[Task input Boundary: Start]

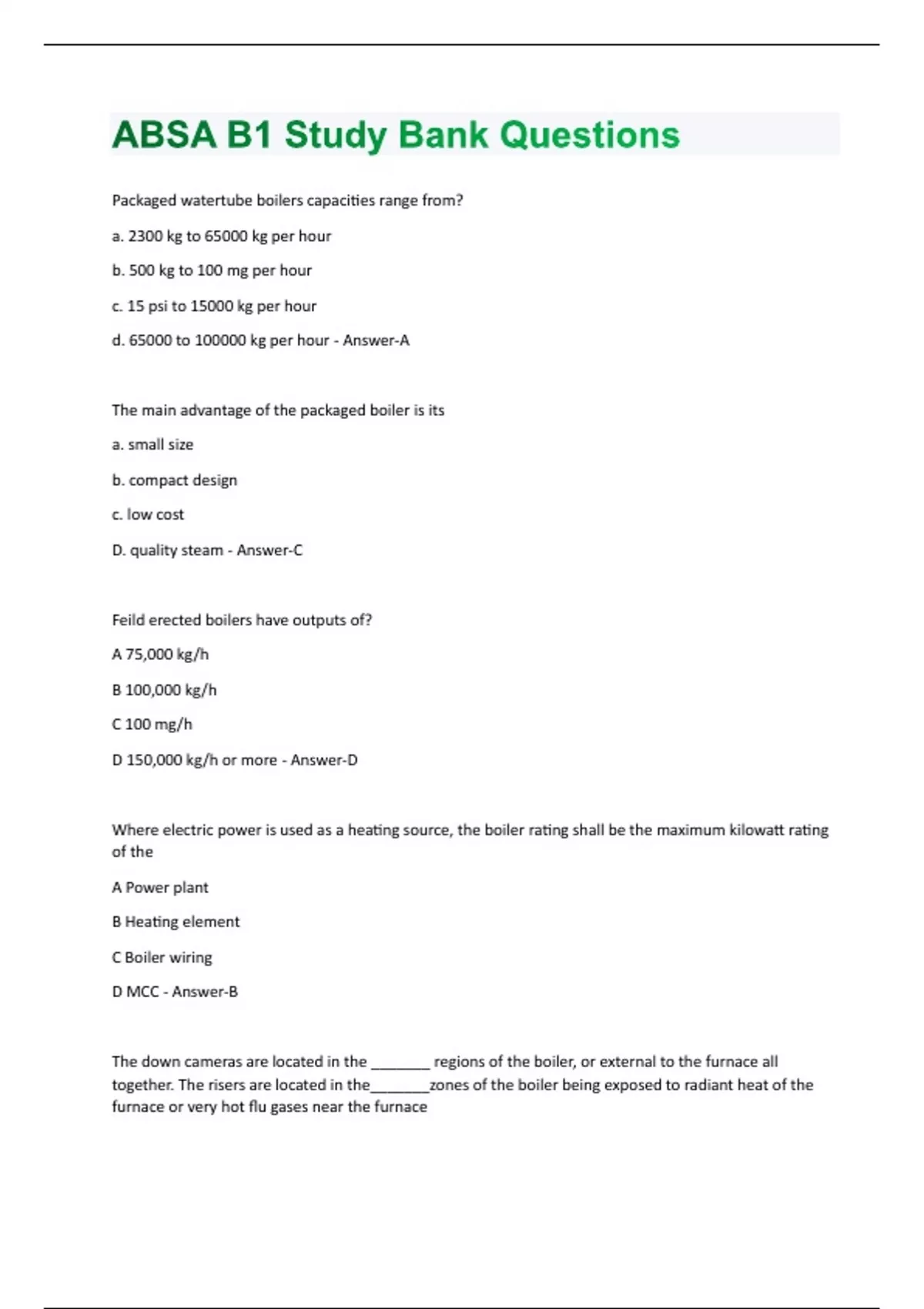 Packaged watertube boilers capacities range from? a. 2300 kg to 65000 kg per hour b. 500 kg to 100 mg per hour c. 15 psi to 15000 kg per hour d. 65000 to 100000 kg per hour - Answer-A The main advantage of the packaged boiler is its a. small size b. compact design c. low cost D. quality steam - Answer-C Feild erected boilers have outputs of? A 75,000 kg/h B 100,000 kg/h C 100 mg/h D 150,000 kg/h or more - Answer-D Where electric power is used as a heating source, the boiler rating shall be the maximum kilowatt rating of the A Power plant B Heating element C Boiler wiring D MCC - Answer-B The down cameras are located in the _______ regions of the boiler, or external to the furnace all together. The risers are located in the_______zones of the boiler being exposed to radiant heat of the furnace or very hot flu gases near the furnaceA Back, front B Cooler, hottest C Water, furnace D Drum, radiant - Answer-B The steam separating equipment separates the______ from the steam/water mixture A Water B Steam C Impurities D Water droplets - Answer-B
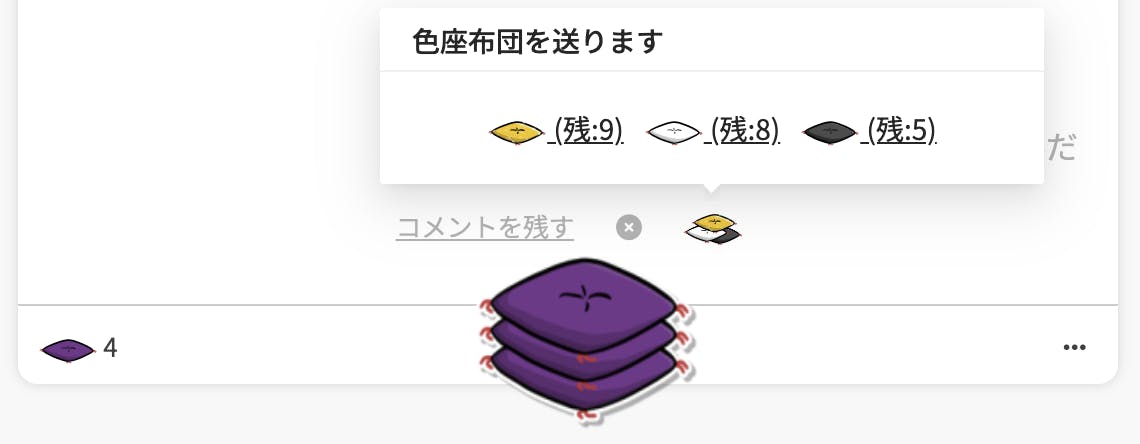 この色座布団により、特に面白かったよという表現が可能になっています。しかし色座布団は保有している枚数分しか付与することはできない貴重なものです。付与した人に対して特別感も演出できる仕様となっています。
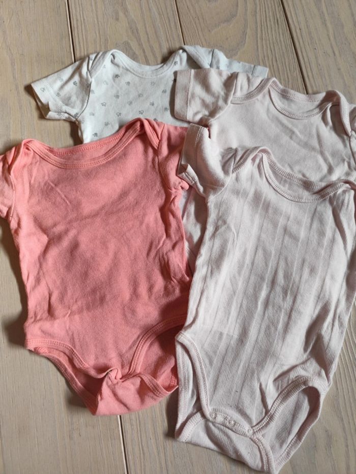 Lot de 4 bodies en bon état, possible traces d'usure - rose foncé Kitchoun - rose clair rayures verticales Tex Baby - blanc pattes animaux Tex Baby - rose clair uni Tex Baby
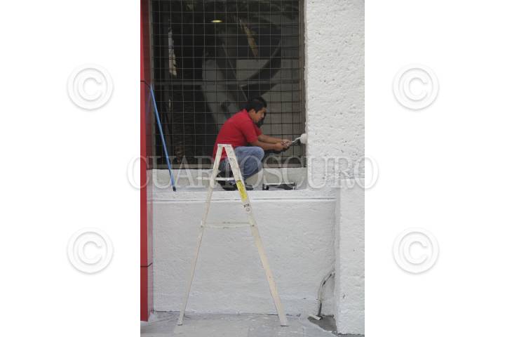 MÉXICO, D.F., 03OCTUBRE2013.-Luego de las afectaciones y daños registrados por algunos grupos durante la Marcha de conmemorativa de la matanza de Tlatelolco a tiendas de autoservicio y Bancos en Paseo de la Reforma, las empresas realizan desde ayer las reparaciones pertinentes para su reactivación. FOTO: JUAN PABLO ZAMORA /CUARTOSCURO.COM
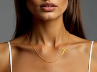 Delicate cable chains are attached to the top and bottom sections of a minimalist and flat crucifix element. This necklace radiates faith and is designed in 14k yellow gold. Comes in size 18 inches.
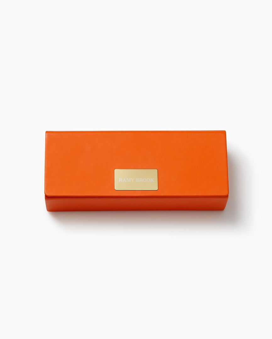 – Your sunglasses will arrive in a beautiful orange hard case with a branded gold metal plaque. Each pair comes with a matching orange microfiber pouch.
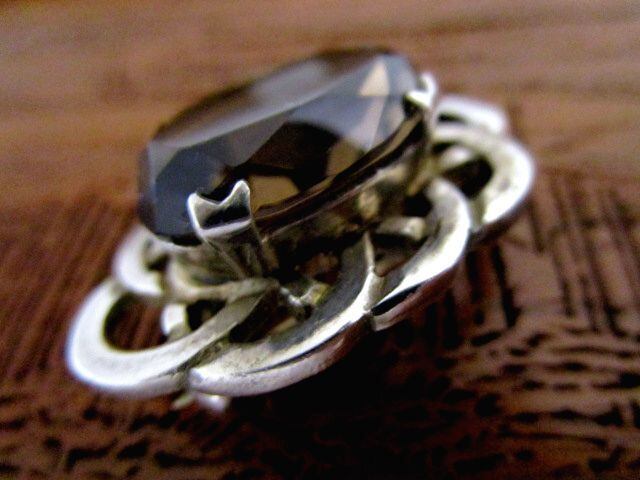 英国ビンテージ シルバー925 スモーキークォーツ ブローチ ケルトノット Celtic スコティッシュ 純銀 エジンバラ1973年JF社製
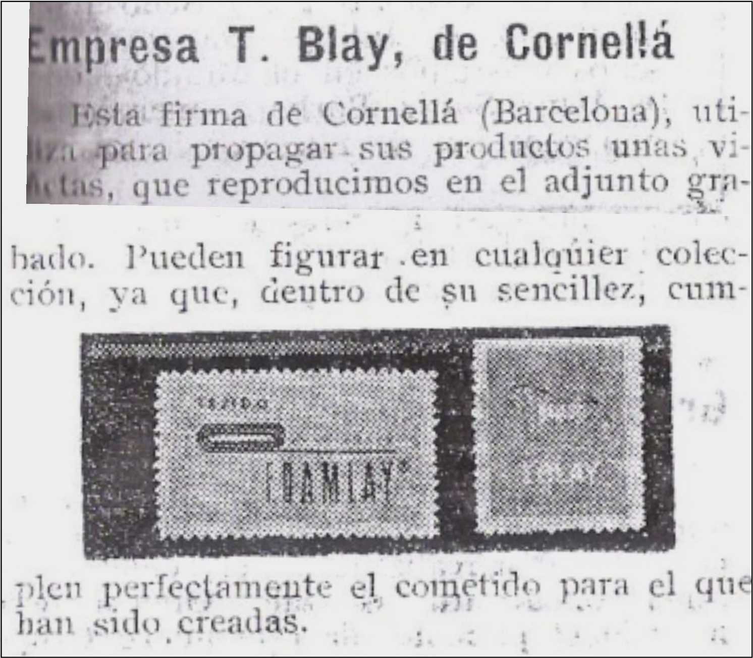 Tomás Blay era una empresa de Cornellá dedicada a la impermeabilización de tejidos, me falta una viñeta de esta casa de la que solo tengo una imagen en negro que extraje de la revista Alhambra.
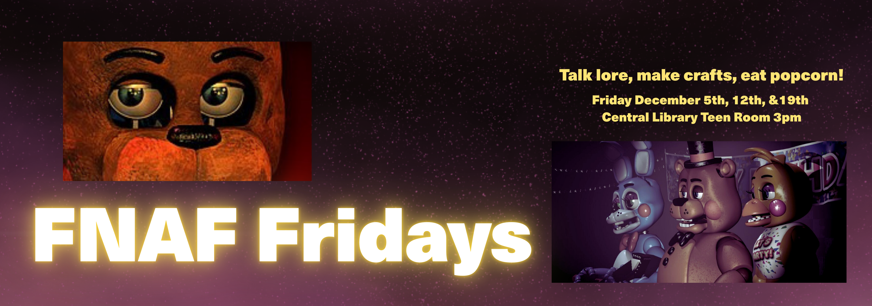 Celebrate the new Five Nights at Freddy's (FNAF) movie with FNAF Fridays. Watch lore videos, eat popcorn, and participate in crafts and activities every Friday in December until Winter Break!
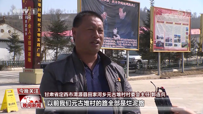 甘肃省定西市渭源县田家河乡元古堆村村委会主任 郭连兵:以前我们元古堆村的路全部是烂泥路,如果遇到下雨,假如说你骑上自行车的话,自行车走着走着就让泥注住了,成自行车骑人的了。像以前的房子基本上就是天上下多大,室内还是下多大,天上雨(停)住了,室内还在下雨。
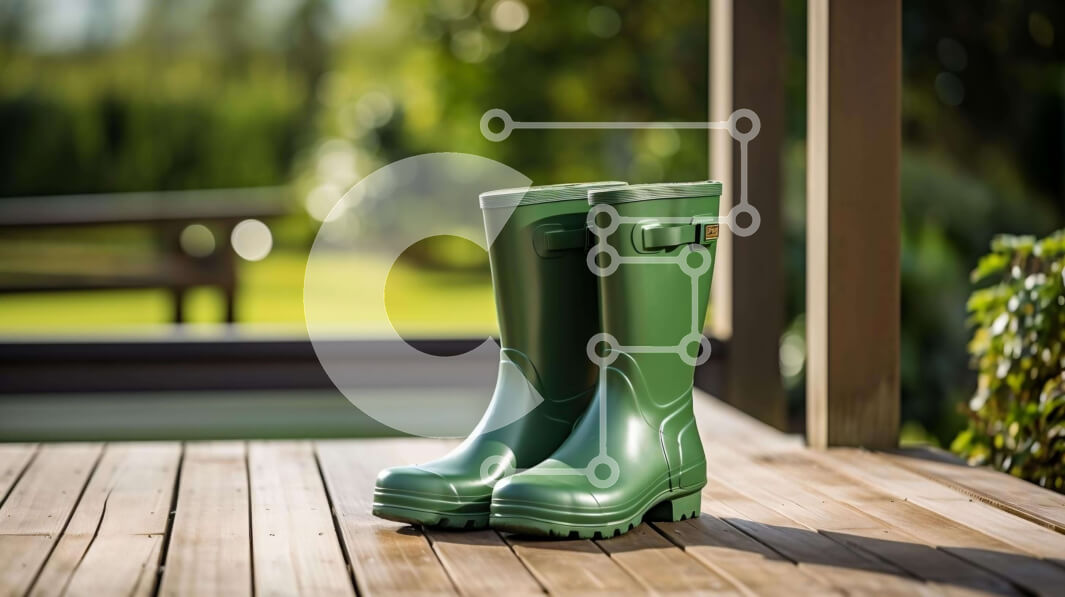 Intra Συλλεκτικό Ξύλινο Παζλ Plywood 4mm - Πράσινες μπότες βροχής σε ξύλινο κατάστρωμα Σε Ξύλινο Κουτί - Διαστάσεις: 10x10 cm – 25 κομμάτια
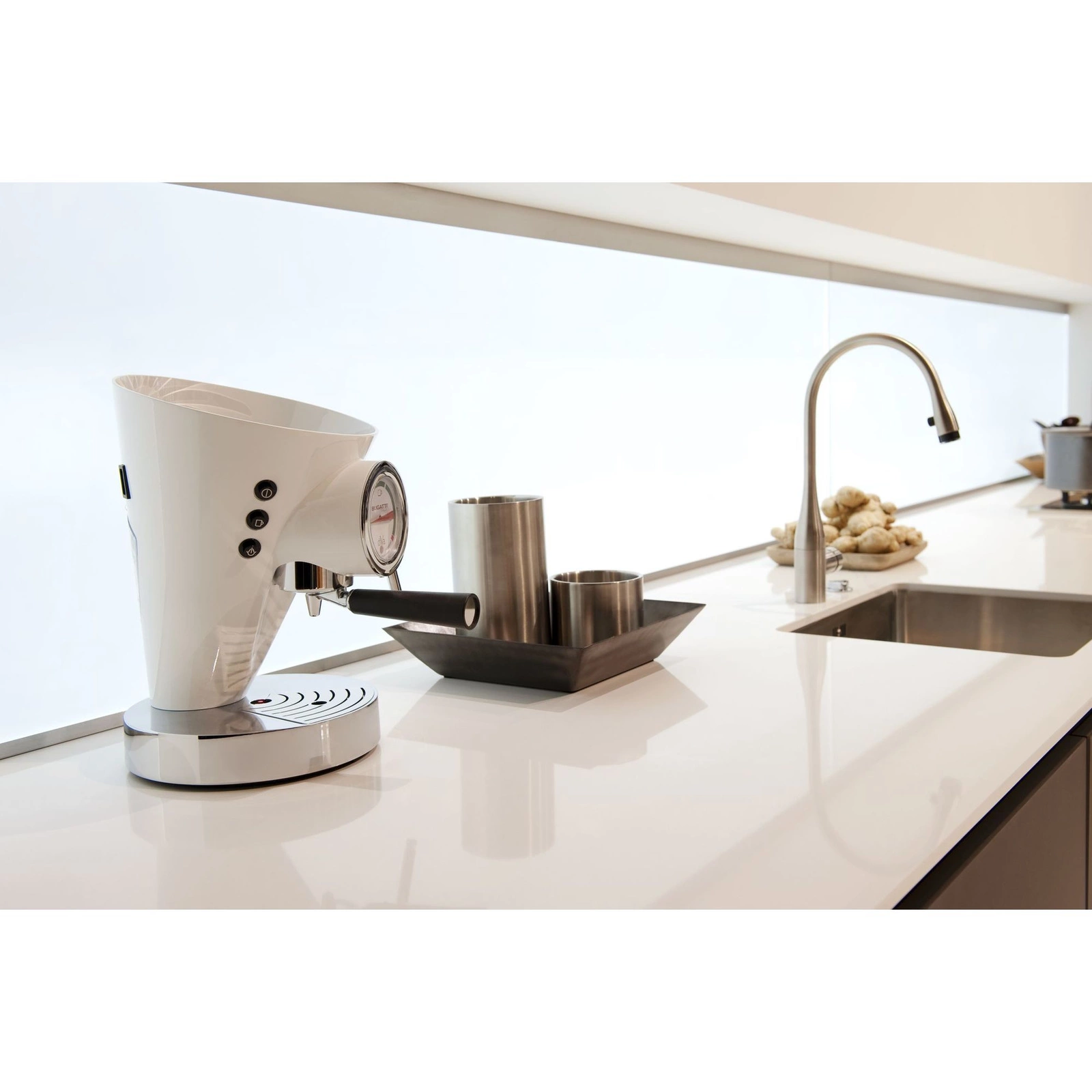 Ekspres do kawy Bugatti DIVA w kolorze kremowym to doskonałe połączenie nowoczesnego designu z funkcjonalnością. Produkt ten wyróżnia się nie tylko eleganckim wykończeniem, które wprowadzi do każdej kuchni wyjątkowy klimat, ale także precyzyjnym wykonaniem. Marka BUGATTI słynie z produkcji urządzeń o najwyższym standardzie, a ekspres DIVA jest tego doskonałym przykładem. Jego subtelna kremowa barwa sprawia, że doskonale wpisuje się w różnorodne aranżacje wnętrz.

[Task input Boundary: End]

▶ [Your assignment] A word-for-word copy of the records is required. Leave out every picture.

▶ [Response to the exercise]
 Packaged watertube boilers capacities range from? a. 2300 kg to 65000 kg per hour b. 500 kg to 100 mg per hour c. 15 psi to 15000 kg per hour d. 65000 to 100000 kg per hour - Answer-A The main advantage of the packaged boiler is its a. small size b. compact design c. low cost D. quality steam - Answer-C Feild erected boilers have outputs of? A 75,000 kg/h B 100,000 kg/h C 100 mg/h D 150,000 kg/h or more - Answer-D Where electric power is used as a heating source, the boiler rating shall be the maximum kilowatt rating of the A Power plant B Heating element C Boiler wiring D MCC - Answer-B The down cameras are located in the _______ regions of the boiler, or external to the furnace all together. The risers are located in the_______zones of the boiler being exposed to radiant heat of the furnace or very hot flu gases near the furnaceA Back, front B Cooler, hottest C Water, furnace D Drum, radiant - Answer-B The steam separating equipment separates the______ from the steam/water mixture A Water B Steam C Impurities D Water droplets - Answer-B
 この色座布団により、特に面白かったよという表現が可能になっています。しかし色座布団は保有している枚数分しか付与することはできない貴重なものです。付与した人に対して特別感も演出できる仕様となっています。
 Lot de 4 bodies en bon état, possible traces d'usure - rose foncé Kitchoun - rose clair rayures verticales Tex Baby - blanc pattes animaux Tex Baby - rose clair uni Tex Baby
 MÉXICO, D.F., 03OCTUBRE2013.-Luego de las afectaciones y daños registrados por algunos grupos durante la Marcha de conmemorativa de la matanza de Tlatelolco a tiendas de autoservicio y Bancos en Paseo de la Reforma, las empresas realizan desde ayer las reparaciones pertinentes para su reactivación. FOTO: JUAN PABLO ZAMORA /CUARTOSCURO.COM
 Delicate cable chains are attached to the top and bottom sections of a minimalist and flat crucifix element. This necklace radiates faith and is designed in 14k yellow gold. Comes in size 18 inches.
 – Your sunglasses will arrive in a beautiful orange hard case with a branded gold metal plaque. Each pair comes with a matching orange microfiber pouch.
 英国ビンテージ シルバー925 スモーキークォーツ ブローチ ケルトノット Celtic スコティッシュ 純銀 エジンバラ1973年JF社製
 Tomás Blay era una empresa de Cornellá dedicada a la impermeabilización de tejidos, me falta una viñeta de esta casa de la que solo tengo una imagen en negro que extraje de la revista Alhambra.
 Celebrate the new Five Nights at Freddy's (FNAF) movie with FNAF Fridays. Watch lore videos, eat popcorn, and participate in crafts and activities every Friday in December until Winter Break!
 甘肃省定西市渭源县田家河乡元古堆村村委会主任 郭连兵:以前我们元古堆村的路全部是烂泥路,如果遇到下雨,假如说你骑上自行车的话,自行车走着走着就让泥注住了,成自行车骑人的了。像以前的房子基本上就是天上下多大,室内还是下多大,天上雨(停)住了,室内还在下雨。
 Intra Συλλεκτικό Ξύλινο Παζλ Plywood 4mm - Πράσινες μπότες βροχής σε ξύλινο κατάστρωμα Σε Ξύλινο Κουτί - Διαστάσεις: 10x10 cm – 25 κομμάτια
 Ekspres do kawy Bugatti DIVA w kolorze kremowym to doskonałe połączenie nowoczesnego designu z funkcjonalnością. Produkt ten wyróżnia się nie tylko eleganckim wykończeniem, które wprowadzi do każdej kuchni wyjątkowy klimat, ale także precyzyjnym wykonaniem. Marka BUGATTI słynie z produkcji urządzeń o najwyższym standardzie, a ekspres DIVA jest tego doskonałym przykładem. Jego subtelna kremowa barwa sprawia, że doskonale wpisuje się w różnorodne aranżacje wnętrz.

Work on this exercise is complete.